What does “unread” say about a reader? What is at stake in this chain of decisions which leads to opening up one and not the other? “Obviously not all of them will be read and some will not even be known, but they have the potential to be discovered and surprise me”, assumes Riorda about the link he establishes with this part of the library and believes that more than anxiety, they give him security.

From his role as a bookseller in Lata Peinada, Vázquez has seen and interpreted various tsundoku.
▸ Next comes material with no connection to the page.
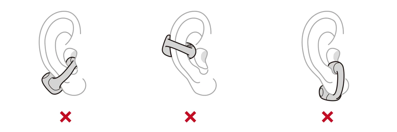 2. When putting on the earbuds, open them gently and avoid pulling them apart too much. Use one hand to follow the steps above. Also, refrain from bending the JointArc excessively when the earbuds are not in use.

Often they buy books that are not going to be read or at least not immediately and think that it may be related to a certain mandate of canonical readings, fundamental readings or by the urgency of the news.

Among these hypotheses, it also saves the possibility that a certain fetish: “The book is a perfect, insurmountable object, like the wheel. And having it in your wallet, running your fingers on the cover, feeling it, generates a certain bond, an intimacy, even love. Before or after reading.”